→ Your task: Copy out exactly the stretch below, from the line with "Bolso tipo shopper" through the line with "生後6週間の頃、吐血騒ぎでERに行ったということをお送りします。", both included; the pictures stay out.

START Material shown

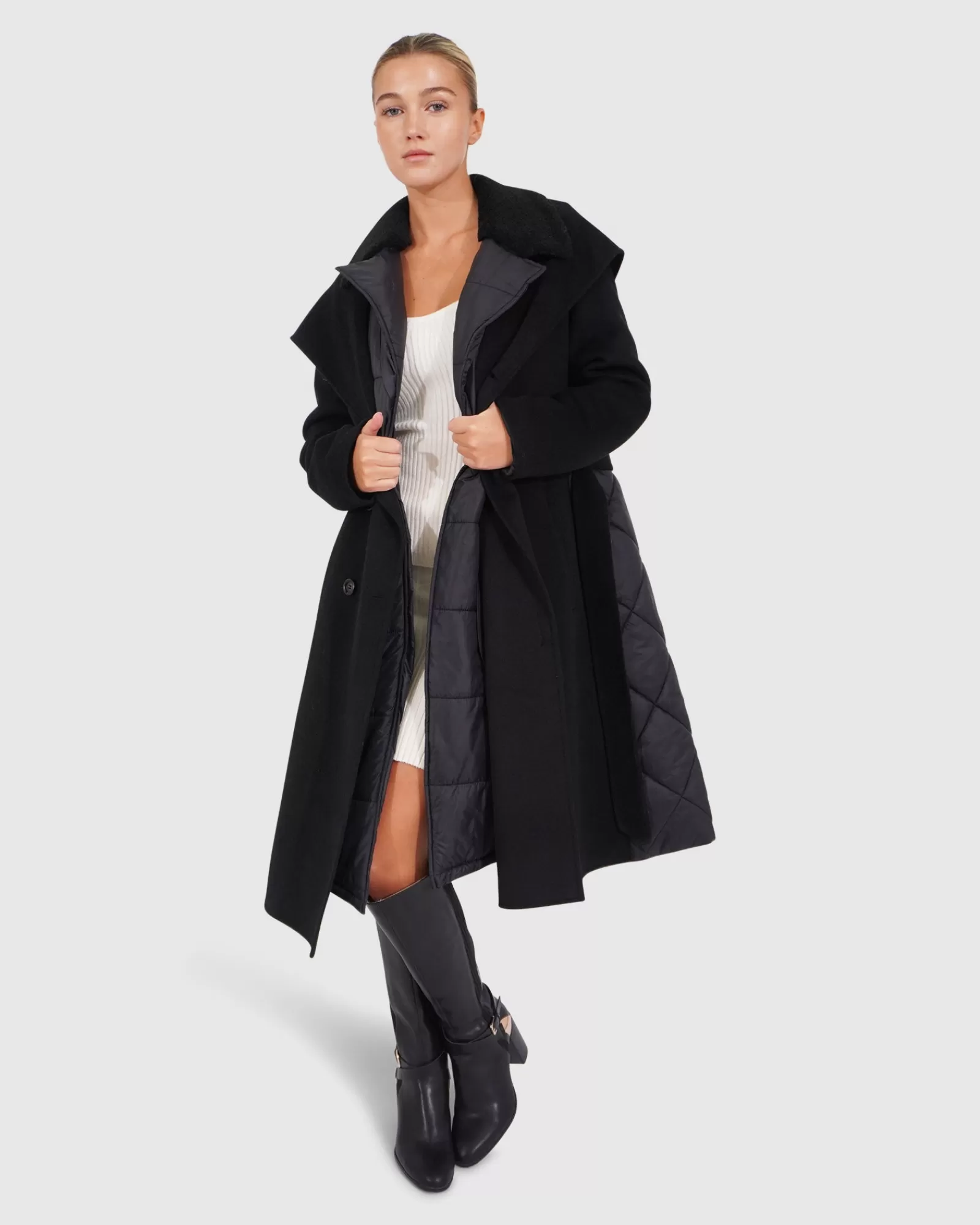 Be ready for unpredictable weather this winter in the Walk Me Home Convertible Coat featuring hooded, wool blend outer coat, and a removeable quilted puffer inner layer which can be worn independently – you’ll be comfortable all through the cool transeasonal months and extra cosy when the temperature drops in winter.
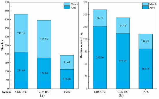 Both the CDS-OFC and IAFS are active dehumidification systems. Due to the heating floor in the IAFS, the floor surface temperature is 2.98 °C and 3.12 °C higher than that of the CDS-OFC in March and April, respectively, as well as the air dew-point temperature in the IAFS being slightly higher (Figure 8c,d).
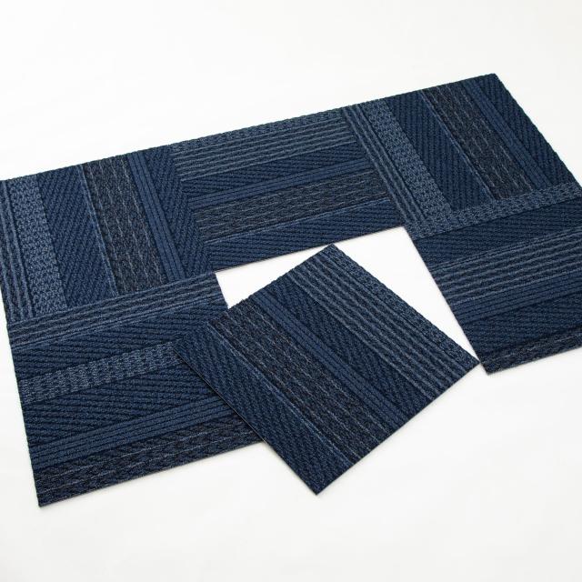 ◆商品名:川島織物セルコン ケーブルニット? ユニットラグ タイルカーペット ブルー 50×50cm UR2203 6枚入り/1ケース 日本製
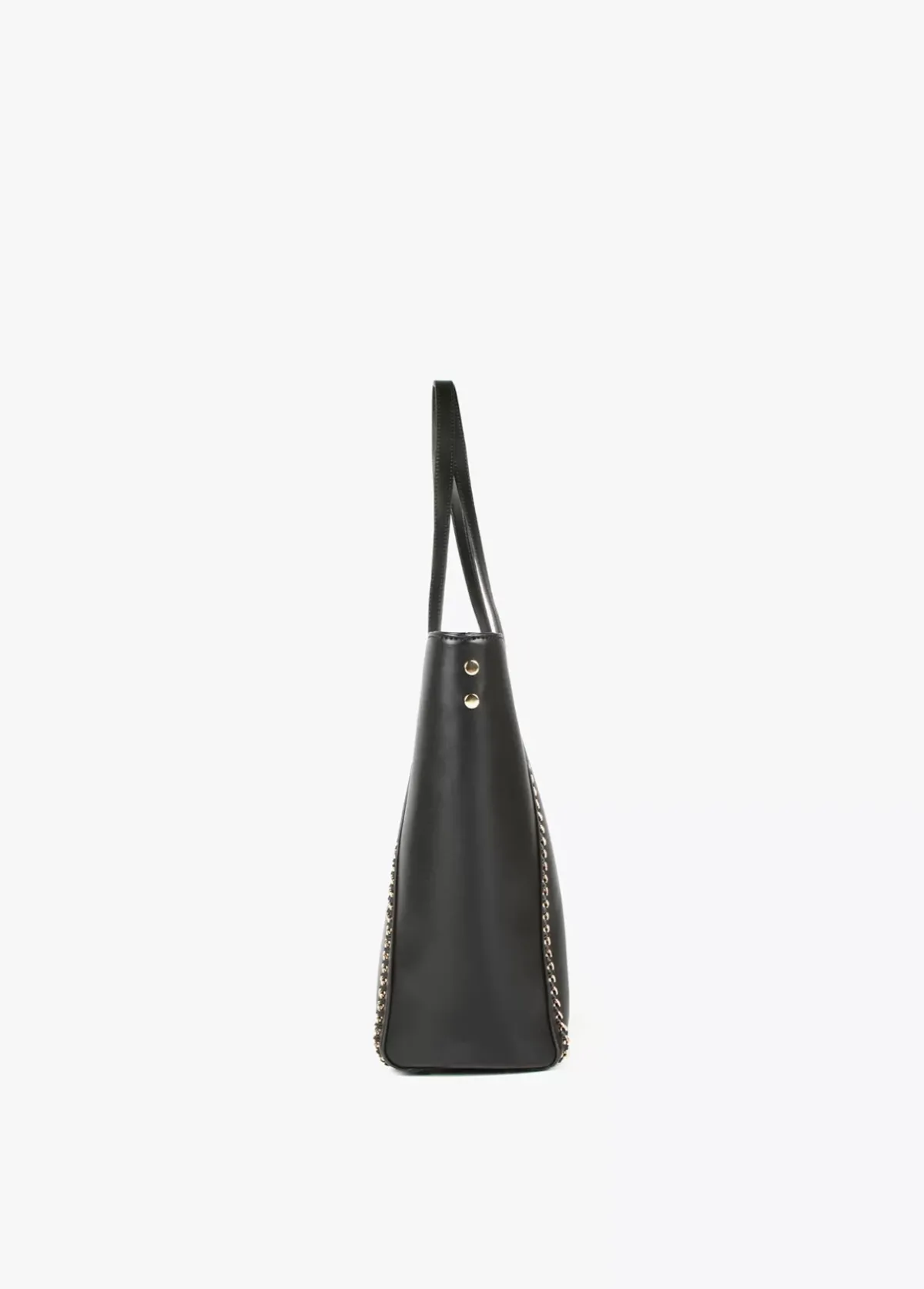 Bolso tipo shopper en efecto piel con detalle cadenas doradas. Logo grabado en parte frontal, asas de hombro y cierre con botón imantado en lengüeta.
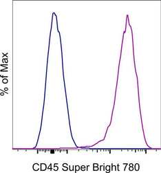 - Normal human peripheral blood cells were stained with Mouse IgG1 kappa Isotype Control, Super Bright 780 (Product # 78-4714-82) (blue histogram) or CD45 Monoclonal Antibody, Super Bright 780 (purple histogram). Cells in the lymphocyte gate were used for analysis.
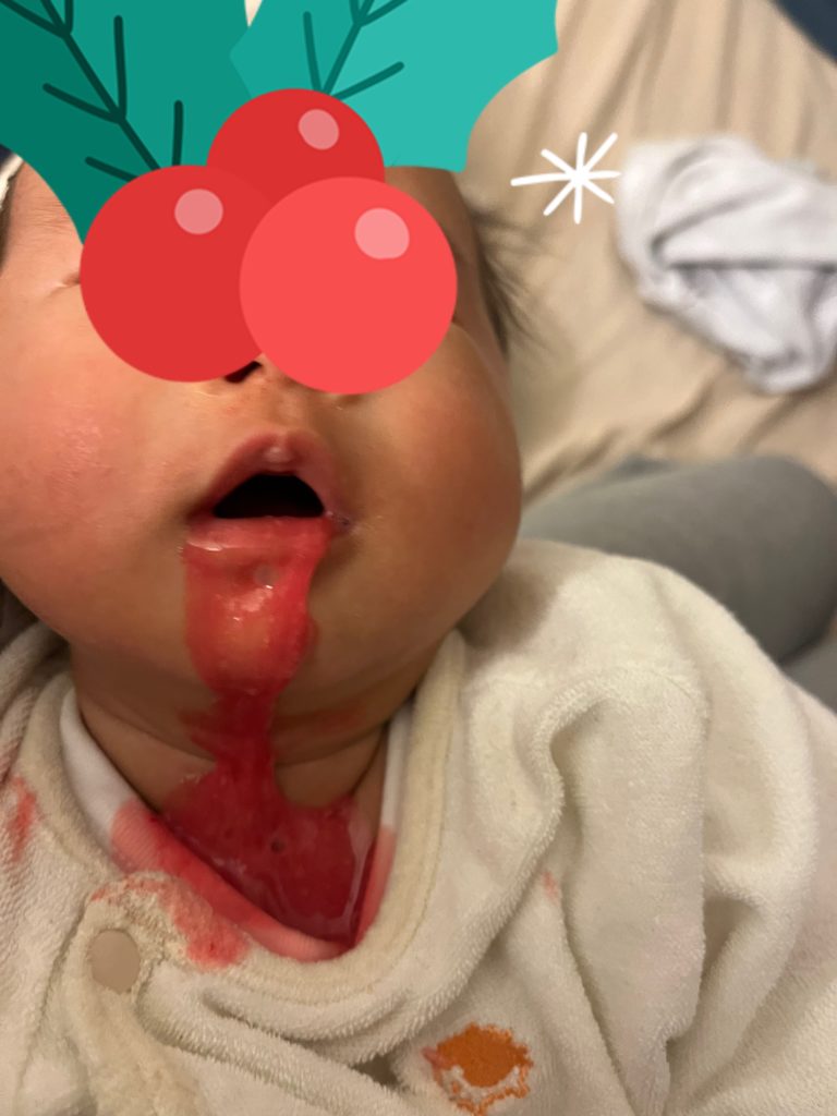 生後6週間の頃、吐血騒ぎでERに行ったということをお送りします。
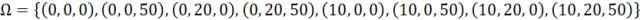 Zauważ, że przestrzenią zdarzeń elementarnych będą pewne trójki elementów, gdzie każdy z nich może przyjąć jedną z dwóch wartości: 0 lub wartość liczbową nominału odpowiedniej monety.
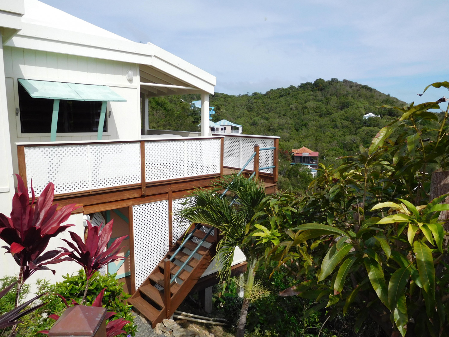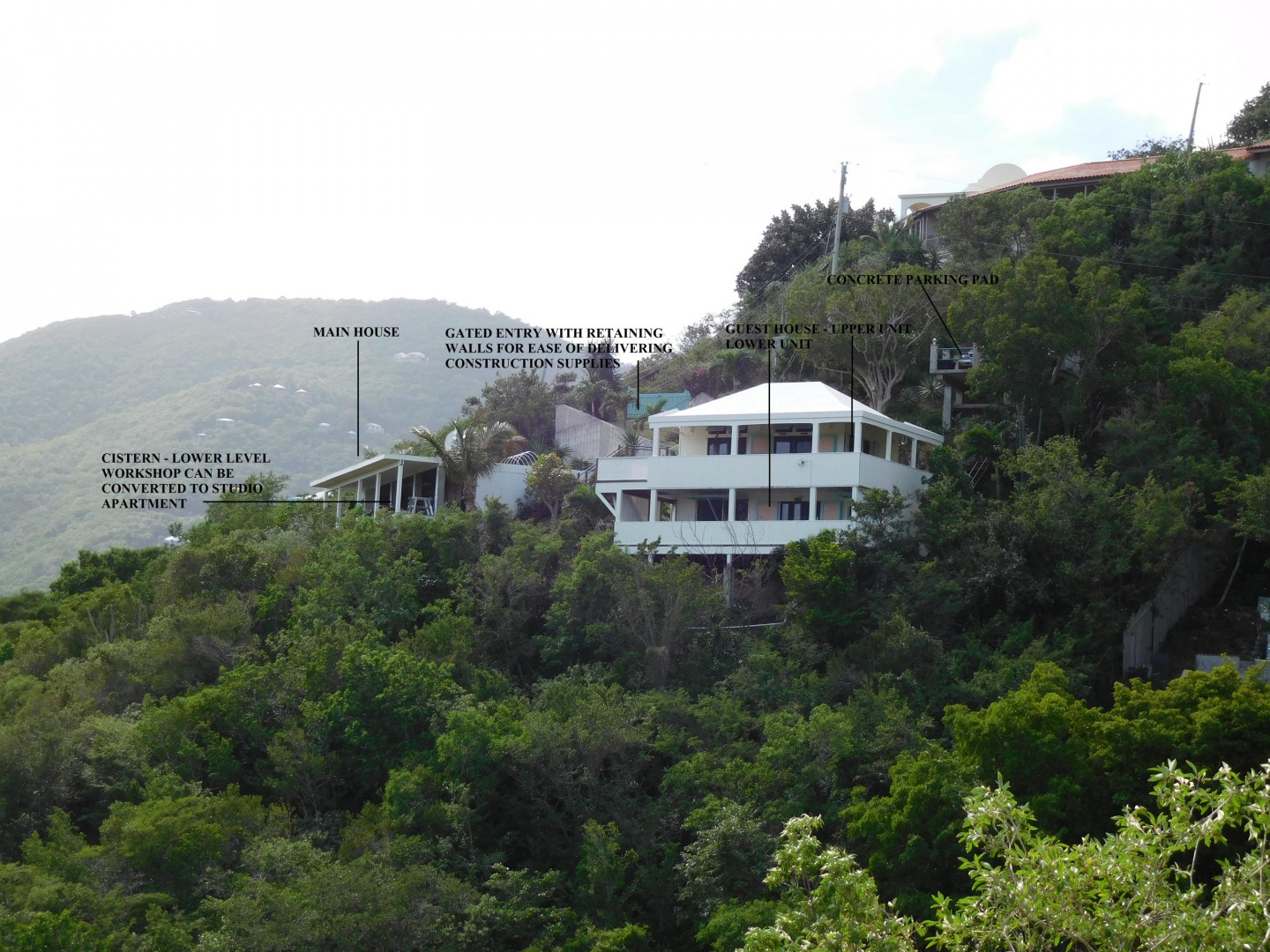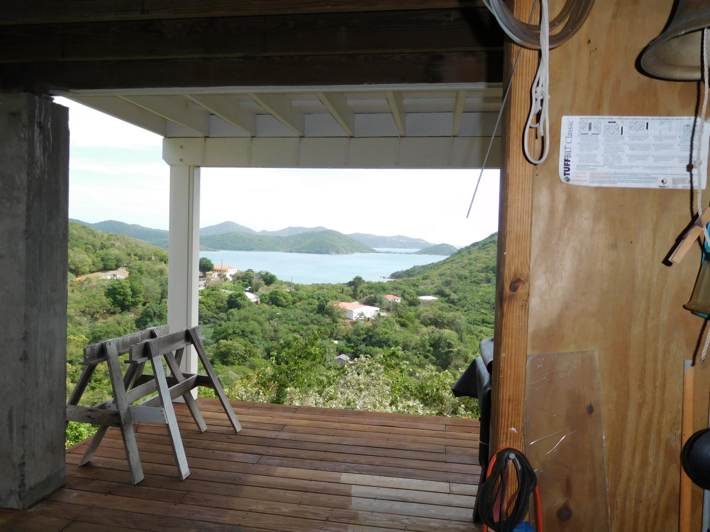 Exceptional craftsmanship with stunning water views! ''Coral Haven'' is a well-built (above & beyond code) frame guest house on a solid concrete foundation with two studio apartments situated on the main & lower levels located in the Seagrape Hill subdivision in Coral Bay with dual bay views over Hurricane Hole, Coral Bay harbor and beyond. Guest house completed in 2007 and main house started with 22,000 gallon concrete cistern in place with a workshop and expired plans for a 2 bed x 2 bath main house. Many options for new owner with much of the hard work completed! MUST SEE to fully appreciate the value, quality and Owner's pride int this exceptional property. Please see supplement for more information."Coral Haven" Guest House The guest house was completed in 2007 & issued a certificate of occupancy with a separate meter Hybrid construction with a 5,000 gallon concrete cistern foundation and frame construction similar to post & beam with 3x6 studs 24" on center with timber roof Roof is well built with 3x8 rafters; 3x10 hips; 3x12 ridge with 2 collar ties; Cyprus decking – purlins bolted – Rigid 1.5" insulation with ¾" plywood roof deck – elastomeric coating with water collection internalized Maxi-vue windows – most with redwood louvers Doors & windows all have full protection Caribbean style shutters Covered tile outside deck 30'x8' and 16'x6' Substantial 2 car concrete parking pad with gated stairway to guest house. Plenty of storage area below the parking pad and could be enclosed for dry storage. Garden shed has ample room for supplies, paint, etc. with a plastic 1,000 gallon water container for watering landscaping. The yard has lovely stone terracing and mature landscaping; a true gardener's delight with plenty of room to add your own personal touch! The guest house offers options for use. An owner can occupy upper and lower level; owner can occupy one apartment and long term or short term rent the other; long or short term rent both. Main house The main house has expired plans for a 2 bed x 2 bath house. Plans are available for review upon request. New owner can use existing plans or redesign. Current Owner was considering making main house 1 large bedroom x 1.5 bathrooms. Again, many options with this property for a new owner.
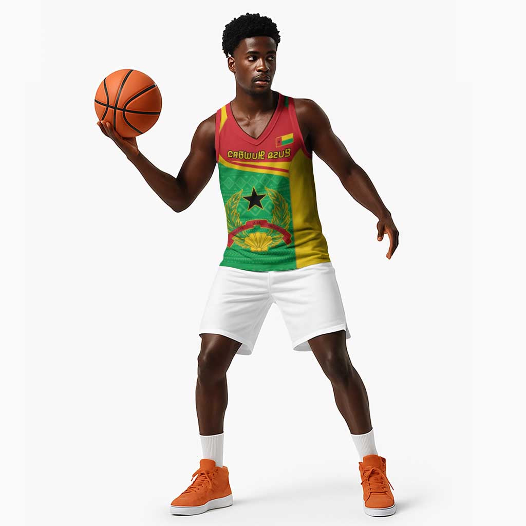 Personalised Afro Guinea Bissau Basketball Jersey Coat Of Arms Mix African Pattern

END Material shown

→ Response area:
 Bolso tipo shopper en efecto piel con detalle cadenas doradas. Logo grabado en parte frontal, asas de hombro y cierre con botón imantado en lengüeta.
 - Normal human peripheral blood cells were stained with Mouse IgG1 kappa Isotype Control, Super Bright 780 (Product # 78-4714-82) (blue histogram) or CD45 Monoclonal Antibody, Super Bright 780 (purple histogram). Cells in the lymphocyte gate were used for analysis.
 生後6週間の頃、吐血騒ぎでERに行ったということをお送りします。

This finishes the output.